Problem 29: Distinct Powers

Problem:

Please find the problem here.

Solution:

This is a counting problem. The elements can be big (e.g. 100100), but the number of elements is small, just at most 10,000 of them.

First, note that the set of powers can intersect only if they have the same prime factors with same ratios. For example, power of 2 will intersect with power of 4, but it will never intersect with power of 6. Similarly, power of 6 will never intersect with power of 12.

So we break the problem down to computing the count of union of some complicated disjoint sets.

{power of 2 union power of 4 union .. } union ... union { power of 6 union power of 36 union ... } union ...

As those sets are disjoint, the count of union is just the sum of counts. Now we focus on the compute the count of a particular term.

To compute the size of a union of a set of sets, we can use the inclusion-exclusion principle.
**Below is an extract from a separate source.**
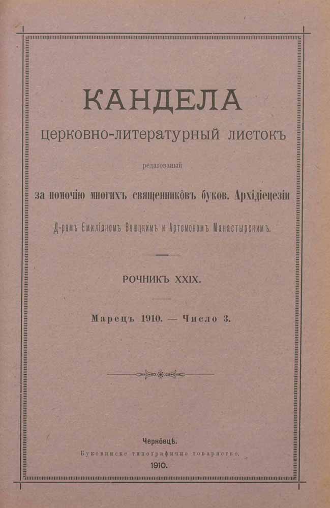 Candela, XXIX, nr. în TOM: 3, martie, 1910, Foaie bisericească-literară

In problem 1, we already applied the principle to compute the sum. This one is more complicated.

The hard part is to compute the size of an arbitrary intersection. For example, what is the size of {power of 2 union power of 4}?

Taking logarithm (to base 2 in this case) on the values will make the problem look simpler. Now we have the compute the size of {2, 3, ..., 100}, {4, 6, ..., 200}, so that is just {4, 6, ... 100}, which is 49, easy to compute in this case, but what is the general rule?
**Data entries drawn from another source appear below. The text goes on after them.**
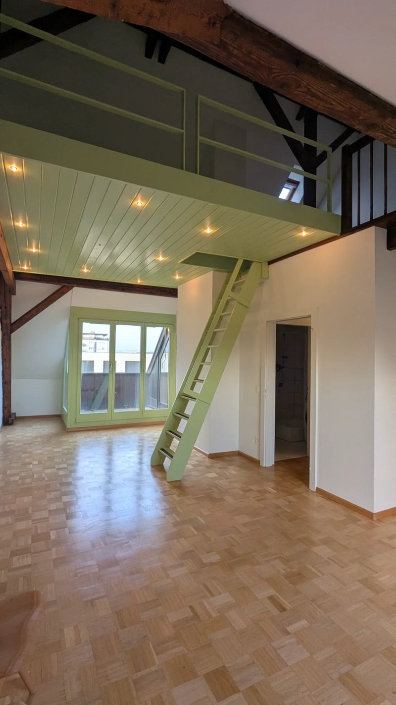 Diese sanft renovierte zweistöckige Loftwohnung im Dachgeschoss eines historischen Gebäudes aus dem Jahr 1920 wurde vom renommierten Baubüro insitu Basel mit viel Feingefühl und Respekt gegenüber der bestehenden Substanz modernisiert. Entstanden ist ein einzigartiger Wohnraum, der moderne Klarheit mit rustikalem Charme auf elegante Weise vereint.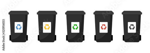 Different colored recycle garbage bins vector illustration, Waste management concept.  Separation of waste on garbage cans. Sorting waste for recycling. Vector illustration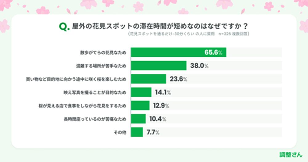 また、お花見会場にどれくらい滞在するかを尋ねると、30分以下が28%、40分から1時間ぐらいが約29%となった。滞在時間が短い理由を聞くと、散歩がてらだからという回答が約66%ともっとも多かった。次に多いのが、混雑する場所が苦手だからというもの。花見の悪いイメージが影響しているのか。花粉症や「まだ寒い」といった理由もあげられた。正直、お花見の季節に長時間外にいるのはしんどい。

Abstractly, we are given sets of multiples and we wanted to find intersection. They are simply the common multiples. To compute the number of common multiples. We simply find the least common multiple, and then count how many multiple of that least common multiple can stay within the set.

Last but not least, we have to apply the inclusion-exclusion principle formula. The formula itself look daunting when applied with arbitrary number of sets, but fortunately, the formula can be implemented using gray code enumeration.

Gray code is a specific sequence of binary strings such that adjacent element of the sequence differ by only one bit. A sample sequence of 3 element is shown below:

000
001
011
010
110
111
101
100

By definition, the gray code flip one bit every time, so the parity of the sequence alternates (number of 1 is even -> number of 1 is odd -> ...) This is exactly what we need in the inclusion exclusion sum! So I simply adopted the gray code generation algorithm from The Art of Computer Programming, and coded the formula.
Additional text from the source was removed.